■ **Data entries**
####

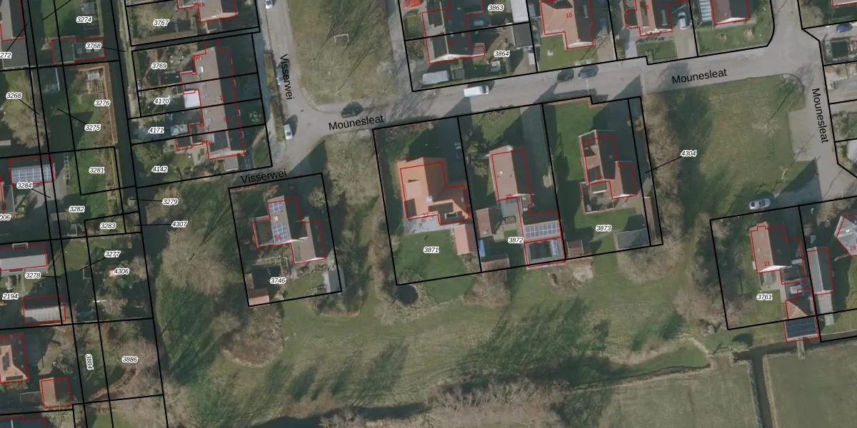 Mounesleat 27 is gelegen op kadastraal perceel GRD00B3871. Deze kadastrale aanduiding is uniek en wordt gebruikt door het Kadaster om eigendomsrechten en andere zakelijke rechten vast te leggen. Het perceel maakt onderdeel uit van de kadastrale gemeente Gorredijk.
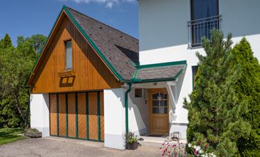 Die Dachuntersichten erhielten passend zur Fassade einen weißen Anstrich mit Lignodur FlexGuard 871, eine Dispersionlackfarbe, die höchsten UV- und Witterungsschutz mit hervorragender Oberflächenoptik verbindet. Verzugsverblendungen, Dachrinnen sowie die Rahmen der Garagentüren und das Sprossenfenster des Windfangs zur Haustür wurden im moosgrünen Farbton der Rollläden gestrichen und setzen damit wirkungsvolle optische Akzente.
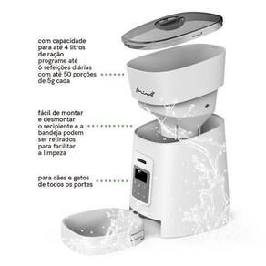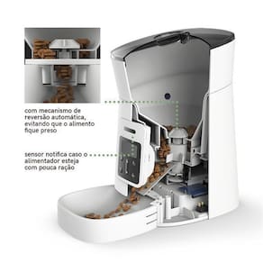 Painel inteligente LCD para programar as alimentações com instruções detalhadas Capacidade de armazenamento de 4L Sensor embutido que notifica em caso de necessidade de reabastecimento de ração Alto-falante e gravador com capacidade de 10 segundos de mensagem de voz Programação de até 6 refeições diárias com ajustes de até 50 porções com 5g cada Mecanismo de reversão automática que evita problemas de alimentos presos Usar rações entre 5mm e 15mm Indicado para cães e gatos de todos os portes Produto bivolt Conta com o uso de 3 pilhas D em caso de queda de energia pilhas não inclusas .
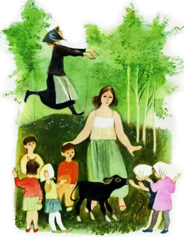 Ребята пошли дальше в лес. Стали играть. Вдруг навстречу им женщина.
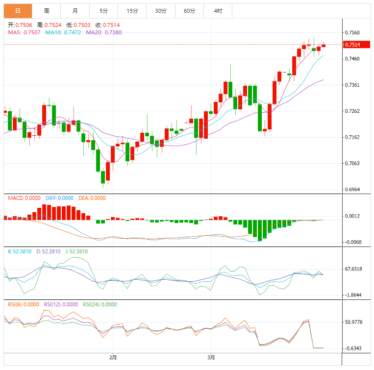 除此之外,周二公布的澳洲零售销售数据乐观,支撑澳元兑强势美元。澳大利亚统计局(Australian Bureau of Statistics)公布的月度零售额为1.8%,远高于初步估计的1%,但与此前1.8%的数据一致。
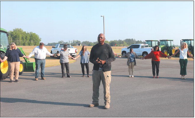Farmers, agribusiness leaders, and community members came together to pray for rain at Lasseter Tractor Company on Thursday morning, April 23.
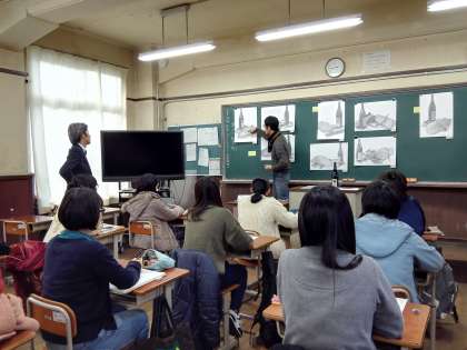 しっかり模擬試験で取り組んだ後、新宿美術学院の講師の方をお招きして、合評会を行いました。2年生は真剣なまなざしで講評を聴き、メモを取っていました。
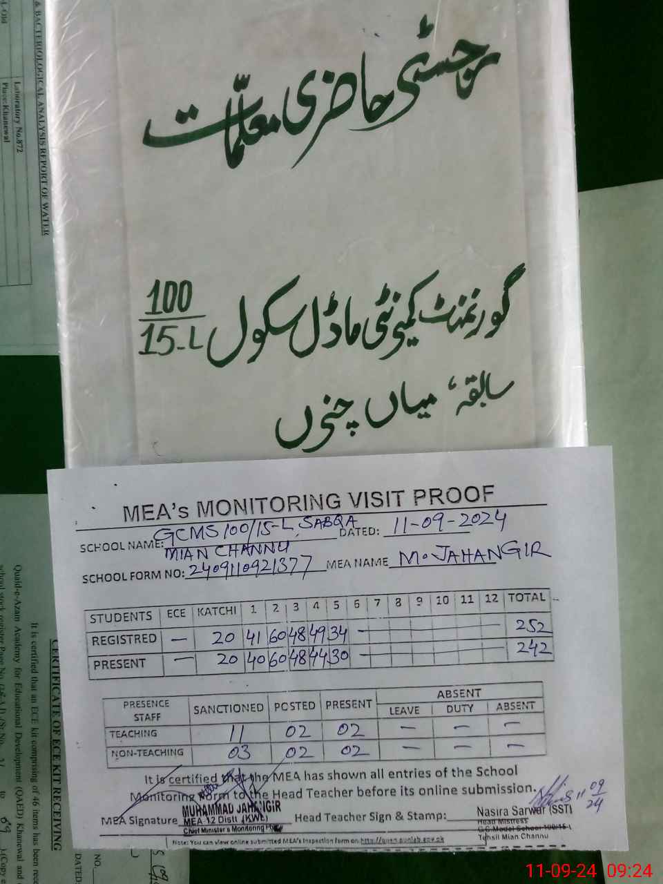 | Attendance Register | Head Teacher | MEA with School | Visit Proof |
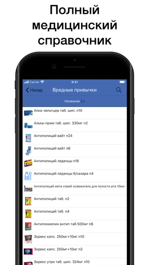 Полный медицинский справочник - надежный и незаменимый помощник при выборе лекарств. Вы сможете быстро и удобно найти необходимое лекарство, прочесть противопоказания и способы применения. Идеально подойдет для людей, которые постоянно в движении. Кроме того, пользуясь медицинским справочником вы не только узнаете полный список симптомов интересующего вас недуга, но и врача, который поможет вам в решении вопроса.
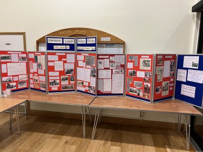 An earlier article published in 1927 advised local residents that Harston Waters had tonic properties and that a course of taking the waters was the real antidote to Reumatism, Liver and Kidney troubles. Harston residents were cited as proof positive of the effectiveness of the waters as 'People without a care having a clearness of skin and brightness of eye that is quite remarkable, especially the aged' A more recent interpretation of the village sign is on display in the new entrance foyer constructed in 2014. The newspaper article concerning the original is available here. In the 1980s a regular event was the Harston and Newton Horticultural Society Annual Show, here are some photographs from the 1982 show.
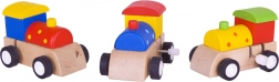 Lokomotiverne fås i tre markante farvevarianter, som stimulerer børns fantasi og understøtter deres farveopfattelse.
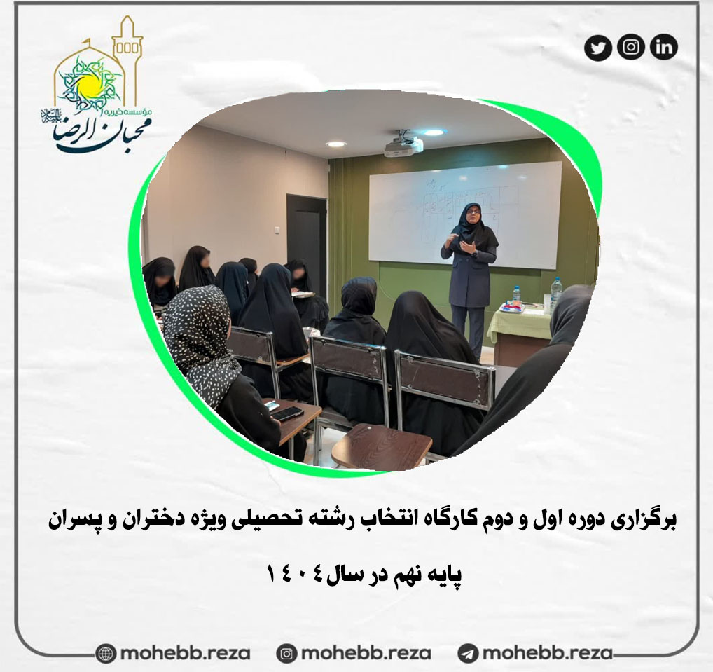 دوره اول و دوم کارگاه انتخاب رشته تحصیلی با هدف کمک به محصلین پایه نهم در فرایند انتخاب رشته ای اگاهانه،واقع بینانه و مبتنی بر شناخت صحیح از توانمندی ها،علایق و مسیر های اینده ی تحصیلی و شغلی  با حضور ۱۷ نفر از دختران و ۶ نفر از پسران به صورت مجزا  در مرداد ماه در سالن ۵  برگزار گردید.
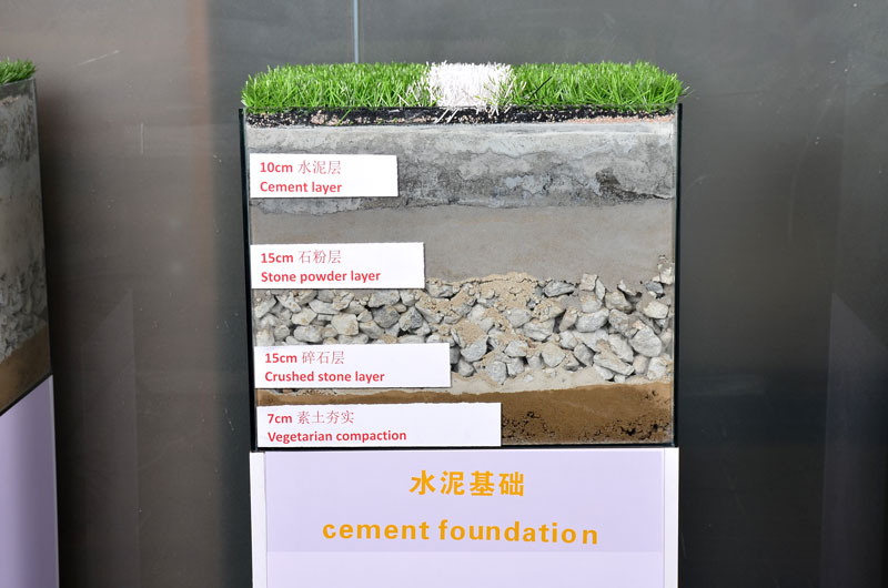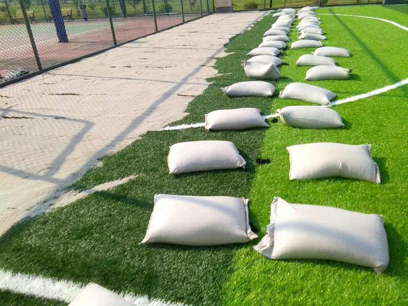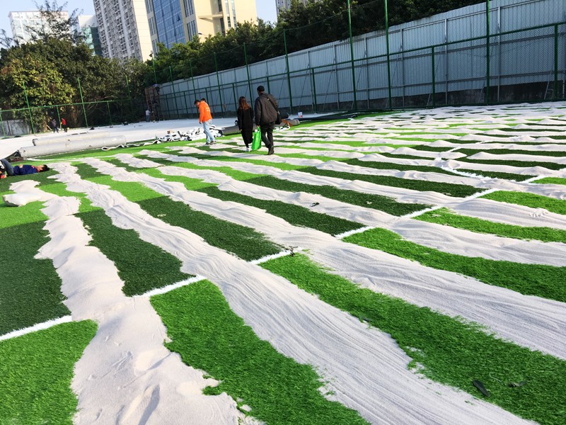 (1)Quartz sand:25Kg/sqm :Quartz sand have strong water discharge capacity, Moderate Quartz sand can prevent Artificial Turf from moving . Fill 25kg of Quartz sand into every square meter to straight each of the yarn,protect suitable hardness for the Court,Together with Shock pad and Rubber can provide Better movenent performance.
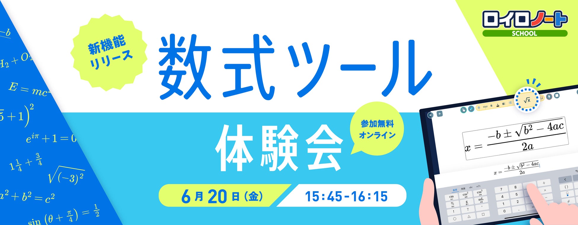 株式会社LoiLoは、6月20日(金)に「数式ツール体験会」をオンライン開催いたします。授業支援クラウド「ロイロノート・スクール」の新機能「数式入力」をご体験いただけるイベントです。参加費は無料です。ぜひご参加ください。
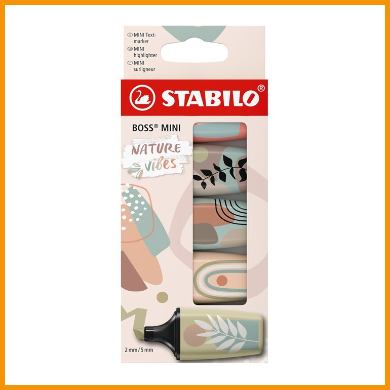 Korostuskynä STABILO BOSS MINI Naturevibes 5 kpl on upea toimistotuote, jonka verkkokauppatilauksen toimitus perille kestää 1-2 päivää. Huomaa, että toimitus on ilmainen yli 140 € hintaisille verkkokauppa ostoksille! Meiltä voit tilata laskulla ja ilman rekisteröitymistä.
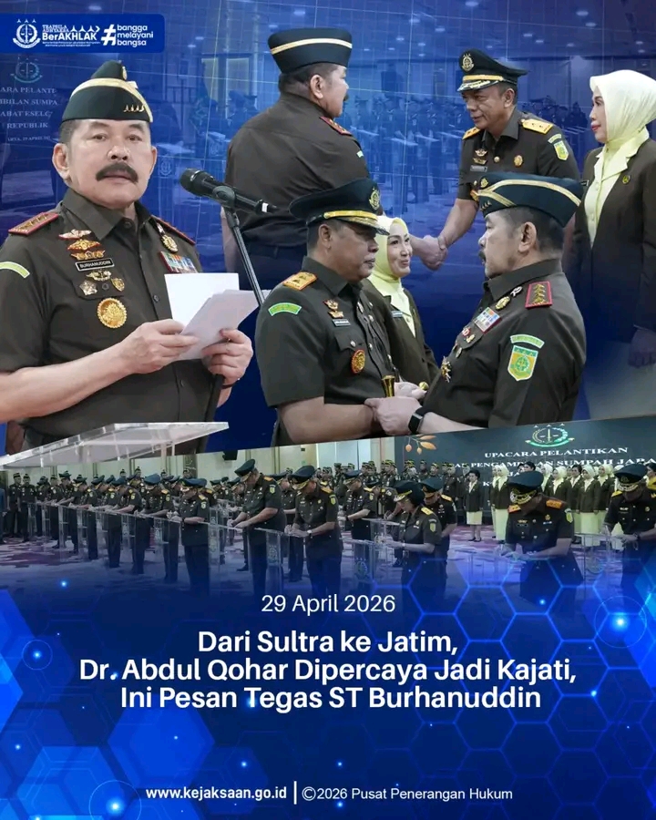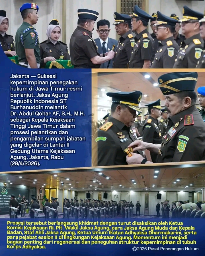 Jakarta.Panjinasionalnews.com.Suksesi kepemimpinan penegakan hukum di Jawa Timur resmi berlanjut. Jaksa Agung Republik Indonesia ST Burhanuddin melantik Dr. Abdul Qohar AF, S.H., M.H. sebagai Kepala Kejaksaan Tinggi Jawa Timur dalam prosesi pelantikan dan pengambilan sumpah jabatan yang digelar di Lantai II Gedung Utama Kejaksaan Agung, Jakarta, Rabu (29/4/2026).

####

■ **EXERCISE BRIEF**
An exact copy of the entries above is required; pictures are not part of it.

■ **WRITTEN ANSWER**
 Mounesleat 27 is gelegen op kadastraal perceel GRD00B3871. Deze kadastrale aanduiding is uniek en wordt gebruikt door het Kadaster om eigendomsrechten en andere zakelijke rechten vast te leggen. Het perceel maakt onderdeel uit van de kadastrale gemeente Gorredijk.
 Die Dachuntersichten erhielten passend zur Fassade einen weißen Anstrich mit Lignodur FlexGuard 871, eine Dispersionlackfarbe, die höchsten UV- und Witterungsschutz mit hervorragender Oberflächenoptik verbindet. Verzugsverblendungen, Dachrinnen sowie die Rahmen der Garagentüren und das Sprossenfenster des Windfangs zur Haustür wurden im moosgrünen Farbton der Rollläden gestrichen und setzen damit wirkungsvolle optische Akzente.
 Painel inteligente LCD para programar as alimentações com instruções detalhadas Capacidade de armazenamento de 4L Sensor embutido que notifica em caso de necessidade de reabastecimento de ração Alto-falante e gravador com capacidade de 10 segundos de mensagem de voz Programação de até 6 refeições diárias com ajustes de até 50 porções com 5g cada Mecanismo de reversão automática que evita problemas de alimentos presos Usar rações entre 5mm e 15mm Indicado para cães e gatos de todos os portes Produto bivolt Conta com o uso de 3 pilhas D em caso de queda de energia pilhas não inclusas .
 Ребята пошли дальше в лес. Стали играть. Вдруг навстречу им женщина.
 除此之外,周二公布的澳洲零售销售数据乐观,支撑澳元兑强势美元。澳大利亚统计局(Australian Bureau of Statistics)公布的月度零售额为1.8%,远高于初步估计的1%,但与此前1.8%的数据一致。
Farmers, agribusiness leaders, and community members came together to pray for rain at Lasseter Tractor Company on Thursday morning, April 23.
 しっかり模擬試験で取り組んだ後、新宿美術学院の講師の方をお招きして、合評会を行いました。2年生は真剣なまなざしで講評を聴き、メモを取っていました。
 | Attendance Register | Head Teacher | MEA with School | Visit Proof |
 Полный медицинский справочник - надежный и незаменимый помощник при выборе лекарств. Вы сможете быстро и удобно найти необходимое лекарство, прочесть противопоказания и способы применения. Идеально подойдет для людей, которые постоянно в движении. Кроме того, пользуясь медицинским справочником вы не только узнаете полный список симптомов интересующего вас недуга, но и врача, который поможет вам в решении вопроса.
 An earlier article published in 1927 advised local residents that Harston Waters had tonic properties and that a course of taking the waters was the real antidote to Reumatism, Liver and Kidney troubles. Harston residents were cited as proof positive of the effectiveness of the waters as 'People without a care having a clearness of skin and brightness of eye that is quite remarkable, especially the aged' A more recent interpretation of the village sign is on display in the new entrance foyer constructed in 2014. The newspaper article concerning the original is available here. In the 1980s a regular event was the Harston and Newton Horticultural Society Annual Show, here are some photographs from the 1982 show.
 Lokomotiverne fås i tre markante farvevarianter, som stimulerer børns fantasi og understøtter deres farveopfattelse.
 دوره اول و دوم کارگاه انتخاب رشته تحصیلی با هدف کمک به محصلین پایه نهم در فرایند انتخاب رشته ای اگاهانه،واقع بینانه و مبتنی بر شناخت صحیح از توانمندی ها،علایق و مسیر های اینده ی تحصیلی و شغلی  با حضور ۱۷ نفر از دختران و ۶ نفر از پسران به صورت مجزا  در مرداد ماه در سالن ۵  برگزار گردید.
 (1)Quartz sand:25Kg/sqm :Quartz sand have strong water discharge capacity, Moderate Quartz sand can prevent Artificial Turf from moving . Fill 25kg of Quartz sand into every square meter to straight each of the yarn,protect suitable hardness for the Court,Together with Shock pad and Rubber can provide Better movenent performance.
 株式会社LoiLoは、6月20日(金)に「数式ツール体験会」をオンライン開催いたします。授業支援クラウド「ロイロノート・スクール」の新機能「数式入力」をご体験いただけるイベントです。参加費は無料です。ぜひご参加ください。
 Korostuskynä STABILO BOSS MINI Naturevibes 5 kpl on upea toimistotuote, jonka verkkokauppatilauksen toimitus perille kestää 1-2 päivää. Huomaa, että toimitus on ilmainen yli 140 € hintaisille verkkokauppa ostoksille! Meiltä voit tilata laskulla ja ilman rekisteröitymistä.
 Jakarta.Panjinasionalnews.com.Suksesi kepemimpinan penegakan hukum di Jawa Timur resmi berlanjut. Jaksa Agung Republik Indonesia ST Burhanuddin melantik Dr. Abdul Qohar AF, S.H., M.H. sebagai Kepala Kejaksaan Tinggi Jawa Timur dalam prosesi pelantikan dan pengambilan sumpah jabatan yang digelar di Lantai II Gedung Utama Kejaksaan Agung, Jakarta, Rabu (29/4/2026).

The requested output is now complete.